## Exercise description
Your job is to transcribe all the records that follow, excluding any pictures.

## Data extracts
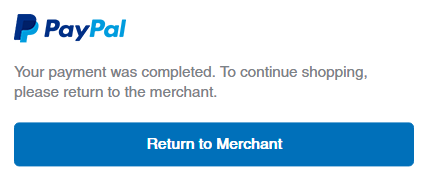 9. PayPal 사이트에서 성공적으로 결제를 마치면 다솜 웹으로 돌아갈 수 있는 [Return to Merchant] 버튼을 클릭해서 다솜 웹으로 다시 돌아가 결제 과정을 마무리해 주십시오. (아래 그림 참조)
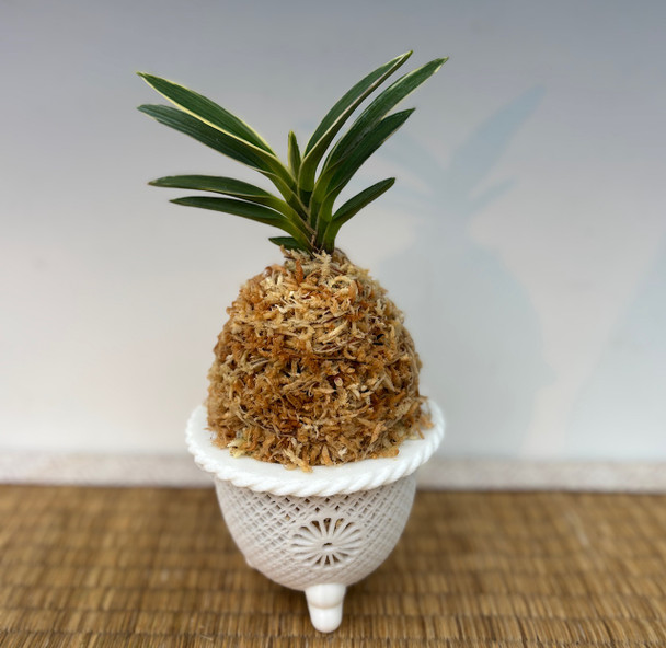 A compact Amami-line fūkiran prized for its refined leaf pattern and vibrant coloration. Thick, neatly arranged leaves display a crisp white fukurin margin washed with a delicate red blush—the “red crystal” effect that inspired its name. Considered top-grade variegation among collectors, this cultivar is both elegant and vigorous, often producing multiple offshoots once established.
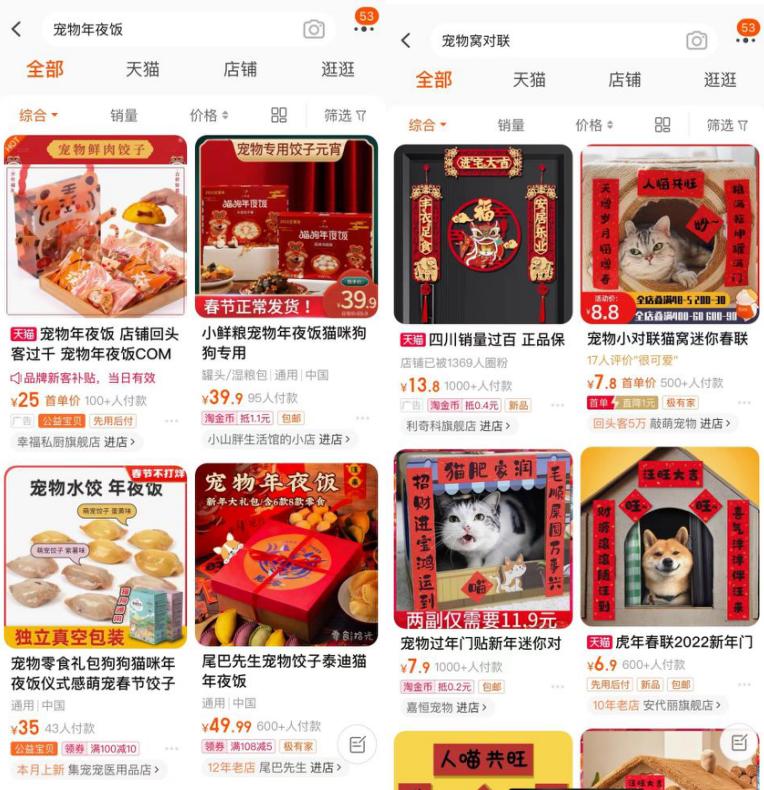今年春节期间,宠物年夜饭、宠物对联等产品在电商平台也非常火爆,以宠物年夜饭为例,价格在几十上百元不等,最高则近千元。
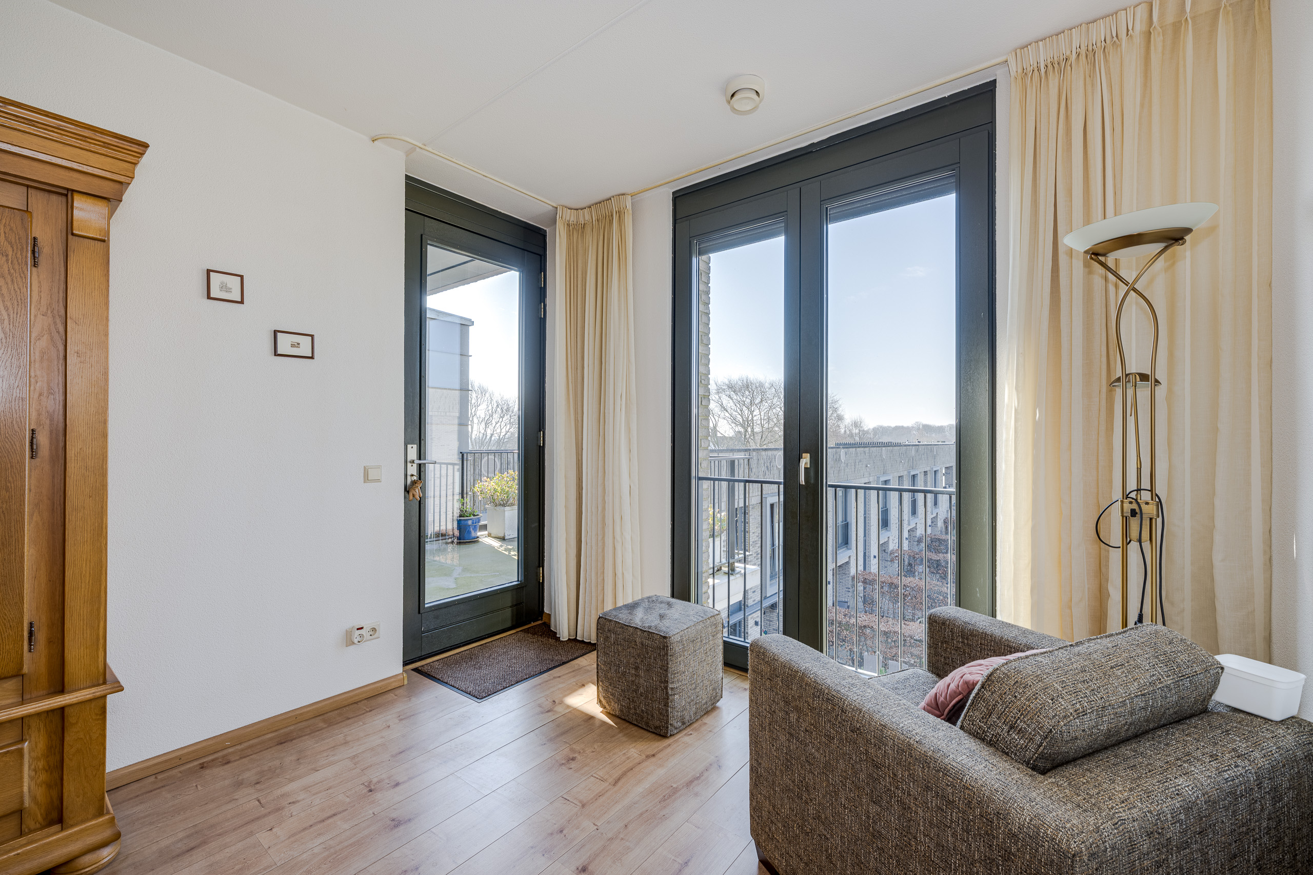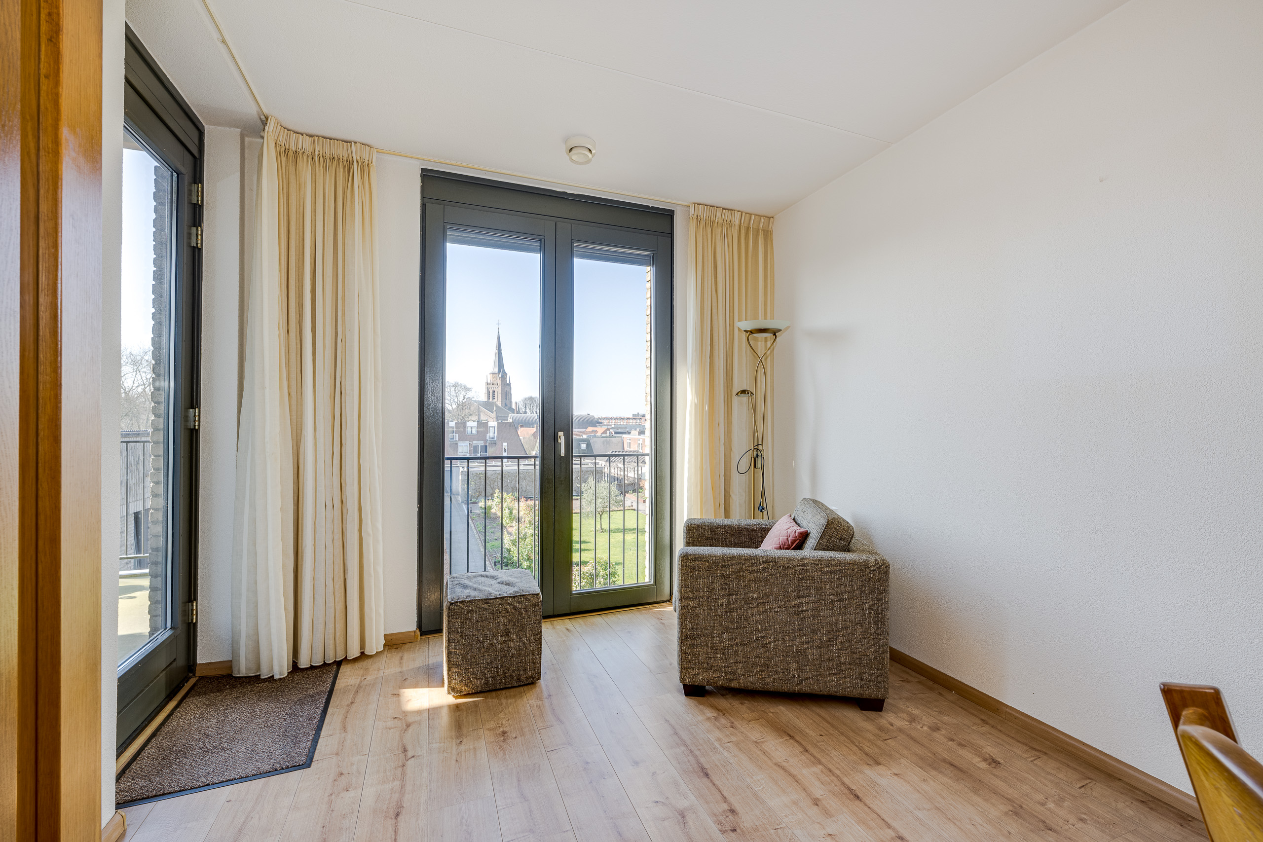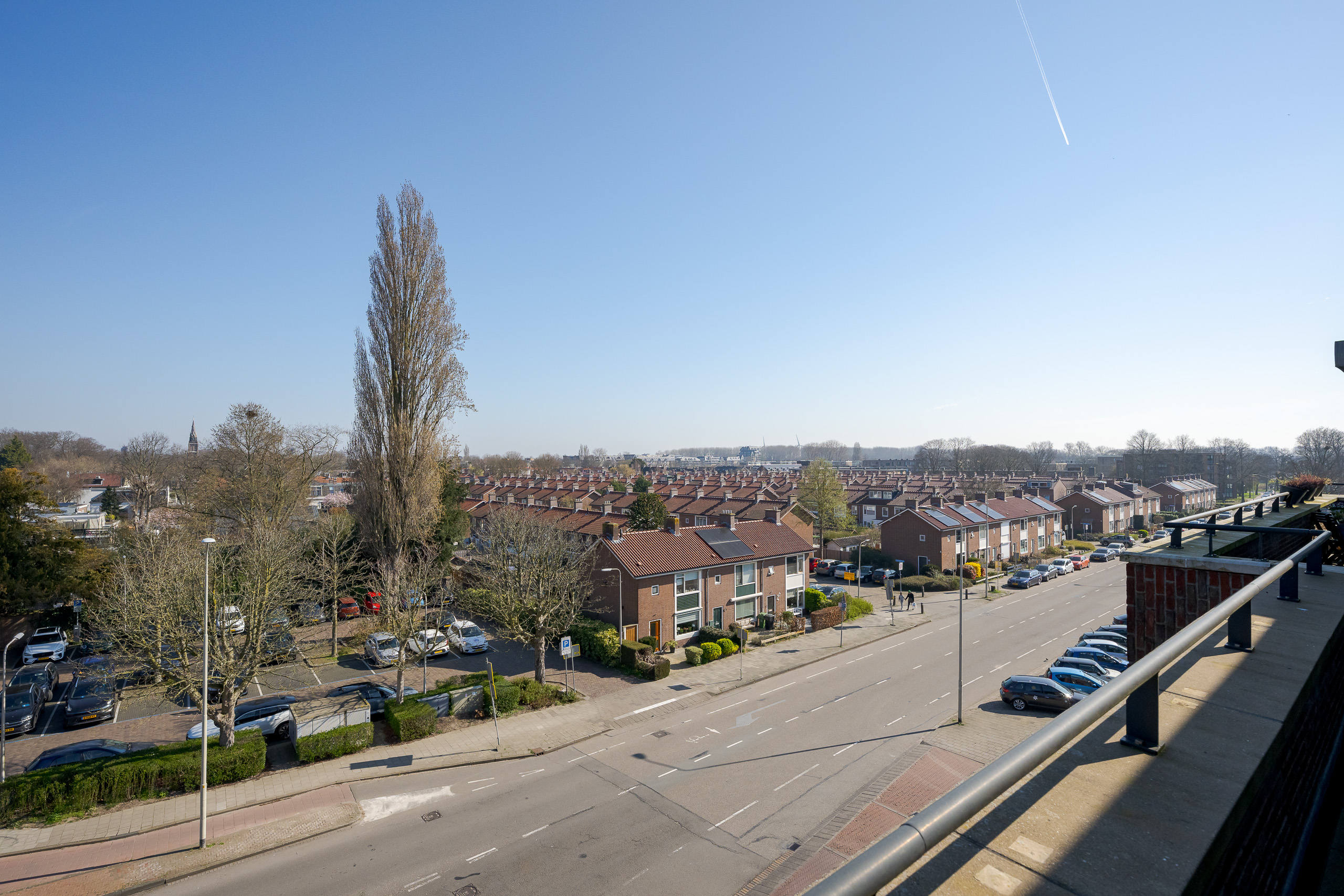 Het appartement ligt op de 3e en bovenste woonlaag aan de Raadhuislaan. De ligging op de topverdieping geeft niet alleen een weids uitzicht, maar ook een extra gevoel van ruimte en privacy. Helemaal omdat het appartement beschikt over een balkon aan de voor- en achterzijde. De binnentuin is fraai aangelegd naar een ontwerp van Copijn Tuin- en landschapsarchitecten en alleen toegankelijk voor bewoners van dit appartementengebouw.
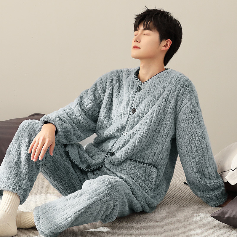 軒の美しい冬の男性の襟をめくるカーディガンの家の服の長袖のズボンのサンゴの絨毛とベルベットの厚い海島の絨毛のパジャマカバー
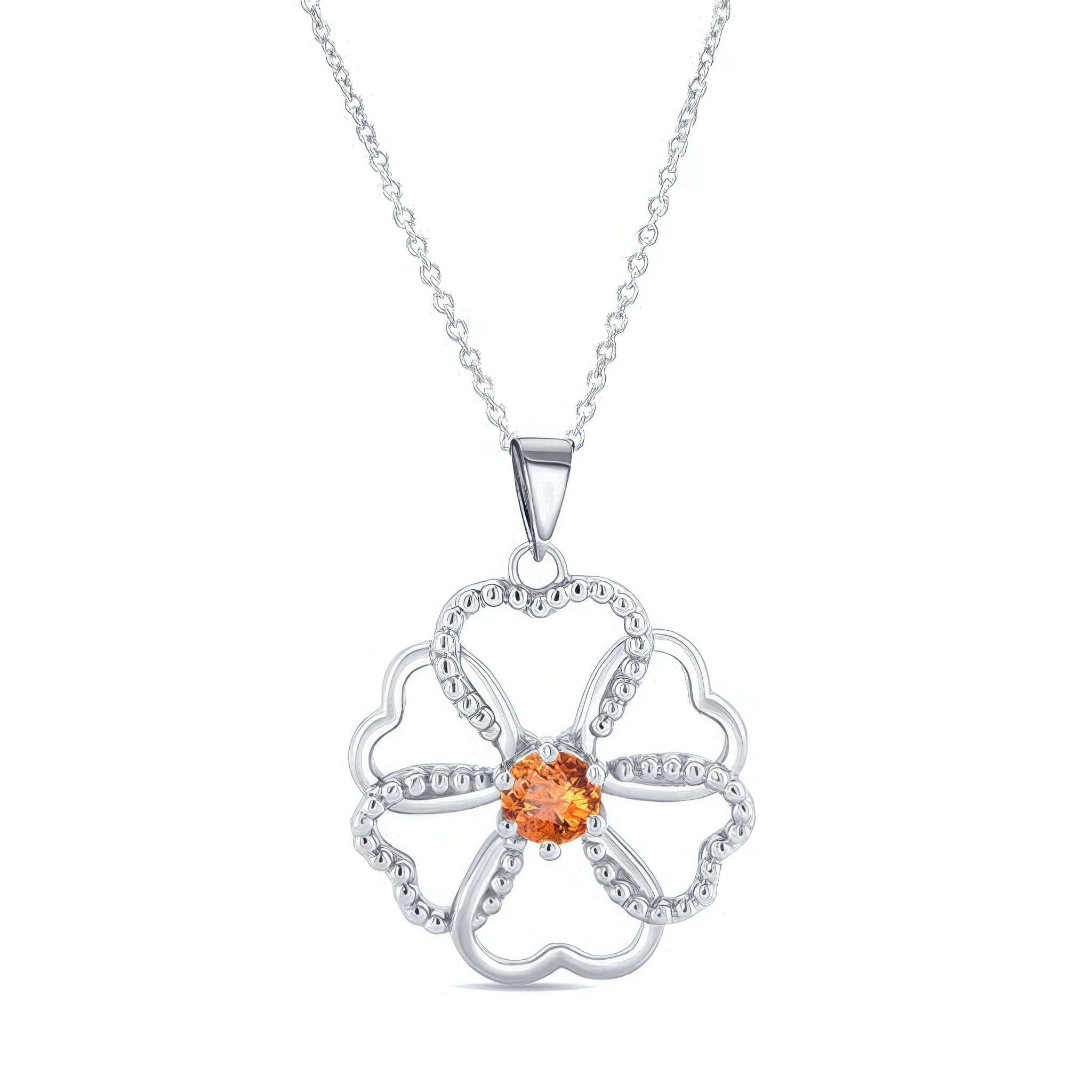 A beautiful citrine silver intertwined hearts necklace featuring intertwined heart shapes and a half carat citrine center.
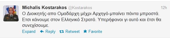 «Ο Διοικητής-από Ομαδάρχη μέχρι Αρχηγό-μπαίνει πάντα μπροστά. Έτσι κάνουμε στον Ελληνικό Στρατό. Υπερήφανοι γι αυτό και έτσι θα συνεχίσουμε», γράφει ο Μιχάλης Κωσταράκος υποστηρίζοντας, την απόφασή του να κατέβει στον προαύλιο χώρο του Πενταγώνου κατά τη διάρκεια των επεισοδίων από τους εργαζόμενους στα Ναυπηγεία Σκαραμαγκά.Ο Αρχηγός του Γενικού Επιτελείου Εθνικής Άμυνας απαντά με αυτό τον τρόπο, μέσω του προσωπικού λογαριασμού του στο Twitter, σε όσους τον κατηγόρησαν για την επιλογή του αυτή.
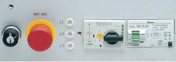 Absicherung 10 - 16A, mit thermischer und magnetischer Unterspannungsauslösung, drei Phasenkontrollleuchten.
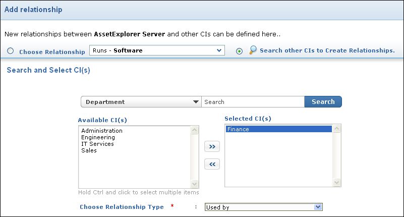 2. Select the nature of relationship between the CIs from Choose Relationship Type drop down.
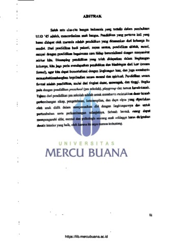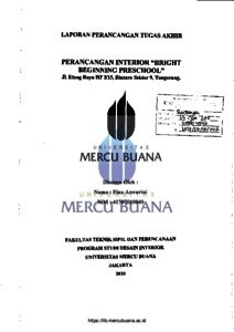 AZWARINI, FINA (2010) PERANCANGAN INTERIOR "BRIGHT BEGINNING PRESCHOOL" (Jl. Elang Raya HF I/15, Bintaro Sektor 9, Tangerang). S1 thesis, Universitas Mercu Buana Jakarta.
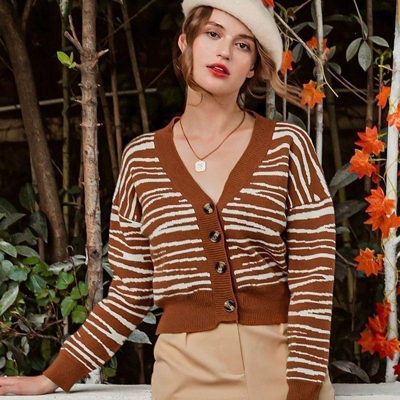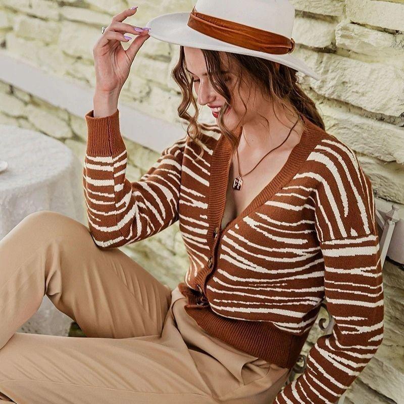 Avec ce vêtement court bohème, votre journée sera remplie d’aventure digne d’un safari ! Enfilez votre pantalon préféré, vos chaussures les plus confortables et restez bien au chaud avec ce gilet à boutonner par-dessus un petit haut. Pour un look plus original, n’hésitez pas à le porter avec les boutons dans le dos et son motif zébré !
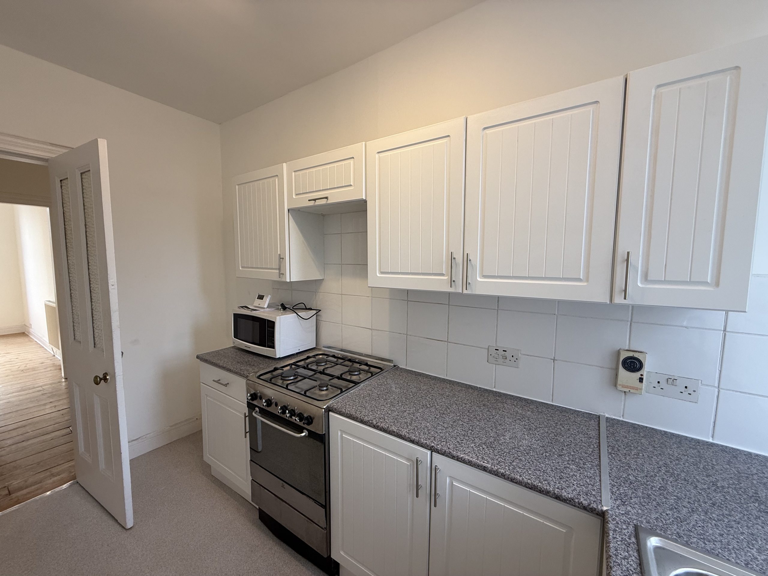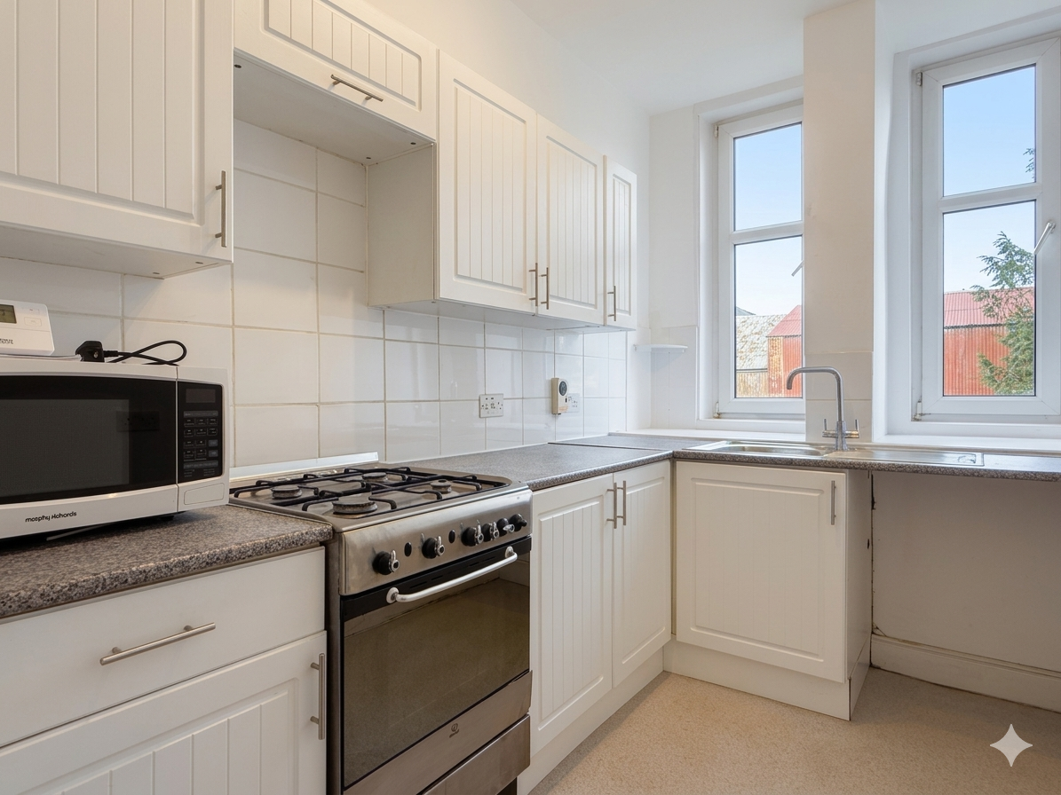 To the rear of the property, the kitchen is well fitted with modern grey wall and floor units, a four-burner gas hob, oven, and a large sink. Two windows overlook the communal garden, bringing in additional natural light.
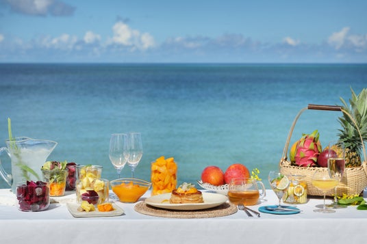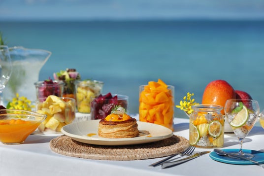 最高峰「星のや沖縄」では、2026年6月1日~8月31日の間、海を臨む特等席で、マンゴーを味わい尽くす夏限定「みーくふぁやー(*1)マンゴー朝食」を提供します。マンゴーをふんだんに使用した朝食は、パイ生地でマンゴーを包んだメインディッシュやフルーツティー、スムージーなど6種類のアレンジで堪能します。太陽の恵みで育まれた果実の甘さと目の前の絶景で、心身を目覚めさせる朝食です。自ら仕上げ、出来立てが味わえるユニークなスタイルで、客室の目の前に広がるきらめく海を眺めながら味わう贅沢なひとときが過ごせます。

## Written answer
 9. PayPal 사이트에서 성공적으로 결제를 마치면 다솜 웹으로 돌아갈 수 있는 [Return to Merchant] 버튼을 클릭해서 다솜 웹으로 다시 돌아가 결제 과정을 마무리해 주십시오. (아래 그림 참조)
 A compact Amami-line fūkiran prized for its refined leaf pattern and vibrant coloration. Thick, neatly arranged leaves display a crisp white fukurin margin washed with a delicate red blush—the “red crystal” effect that inspired its name. Considered top-grade variegation among collectors, this cultivar is both elegant and vigorous, often producing multiple offshoots once established.
今年春节期间,宠物年夜饭、宠物对联等产品在电商平台也非常火爆,以宠物年夜饭为例,价格在几十上百元不等,最高则近千元。
 Het appartement ligt op de 3e en bovenste woonlaag aan de Raadhuislaan. De ligging op de topverdieping geeft niet alleen een weids uitzicht, maar ook een extra gevoel van ruimte en privacy. Helemaal omdat het appartement beschikt over een balkon aan de voor- en achterzijde. De binnentuin is fraai aangelegd naar een ontwerp van Copijn Tuin- en landschapsarchitecten en alleen toegankelijk voor bewoners van dit appartementengebouw.
 軒の美しい冬の男性の襟をめくるカーディガンの家の服の長袖のズボンのサンゴの絨毛とベルベットの厚い海島の絨毛のパジャマカバー
 A beautiful citrine silver intertwined hearts necklace featuring intertwined heart shapes and a half carat citrine center.
 «Ο Διοικητής-από Ομαδάρχη μέχρι Αρχηγό-μπαίνει πάντα μπροστά. Έτσι κάνουμε στον Ελληνικό Στρατό. Υπερήφανοι γι αυτό και έτσι θα συνεχίσουμε», γράφει ο Μιχάλης Κωσταράκος υποστηρίζοντας, την απόφασή του να κατέβει στον προαύλιο χώρο του Πενταγώνου κατά τη διάρκεια των επεισοδίων από τους εργαζόμενους στα Ναυπηγεία Σκαραμαγκά.Ο Αρχηγός του Γενικού Επιτελείου Εθνικής Άμυνας απαντά με αυτό τον τρόπο, μέσω του προσωπικού λογαριασμού του στο Twitter, σε όσους τον κατηγόρησαν για την επιλογή του αυτή.
 Absicherung 10 - 16A, mit thermischer und magnetischer Unterspannungsauslösung, drei Phasenkontrollleuchten.
 2. Select the nature of relationship between the CIs from Choose Relationship Type drop down.
 AZWARINI, FINA (2010) PERANCANGAN INTERIOR "BRIGHT BEGINNING PRESCHOOL" (Jl. Elang Raya HF I/15, Bintaro Sektor 9, Tangerang). S1 thesis, Universitas Mercu Buana Jakarta.
 Avec ce vêtement court bohème, votre journée sera remplie d’aventure digne d’un safari ! Enfilez votre pantalon préféré, vos chaussures les plus confortables et restez bien au chaud avec ce gilet à boutonner par-dessus un petit haut. Pour un look plus original, n’hésitez pas à le porter avec les boutons dans le dos et son motif zébré !
 To the rear of the property, the kitchen is well fitted with modern grey wall and floor units, a four-burner gas hob, oven, and a large sink. Two windows overlook the communal garden, bringing in additional natural light.
 最高峰「星のや沖縄」では、2026年6月1日~8月31日の間、海を臨む特等席で、マンゴーを味わい尽くす夏限定「みーくふぁやー(*1)マンゴー朝食」を提供します。マンゴーをふんだんに使用した朝食は、パイ生地でマンゴーを包んだメインディッシュやフルーツティー、スムージーなど6種類のアレンジで堪能します。太陽の恵みで育まれた果実の甘さと目の前の絶景で、心身を目覚めさせる朝食です。自ら仕上げ、出来立てが味わえるユニークなスタイルで、客室の目の前に広がるきらめく海を眺めながら味わう贅沢なひとときが過ごせます。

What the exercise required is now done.